Startup-Bootcamp Investor’s Demo Day in Dublin features four Irish start-ups businesses
Left photo: Investor Demo Day features four Irish start-ups & right photo CleverMiles’s Sligo’s James McNamara,Chris McNamara and Chloe McGuckin
Investor Demo Day features four Irish start-ups
Four Irish entrepreneurs are pitching their ideas to angel investors, business mentors and start-up communities at an Investor Demo Day at Startupbootcamp Dublin headquarters in Dublin today.
Ten teams from Israel, US, Poland, Lithuania, China, Brazil, Romania and Ireland were selected from over 150 applications.
Themes for the inaugural accelerator programme included visualising and aggregating data; consumerising workplace IT and digitising transport.
Others involved ensuring developing technology is relevant for practical everyday usage including: smart medical technology for doctors on the go; an app to enhance road safety and technology to track traceability of perishable produce across the entire agricultural distribution chain.
Speaking at Investor Demo Day, Martin Kelly, IBM Venture Capital Group partner and main event sponsor said: “Startupbootcamp Dublin has developed some of the very best Irish and International entrepreneurial talent.
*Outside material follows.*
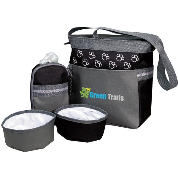 This pet accessory bag is perfect for walks in the park, backyard or beach! Includes 2 collapsible bowls for food and water. Fornt pocket with hook and loop closure, side mesh pocket and a detachable zip case for storing treats or waste bags.

In addition to the international dimension, I’m really excited to find start-ups who are solving real problems. Every team is addressing big markets and major challenges including car safety, food traceability, healthcare, and travel –the types of problems that our customers are interested in.”
The Irish start-ups
- CleverMiles: App to inspire safe driving, enhance road safety and save lives amongst young people.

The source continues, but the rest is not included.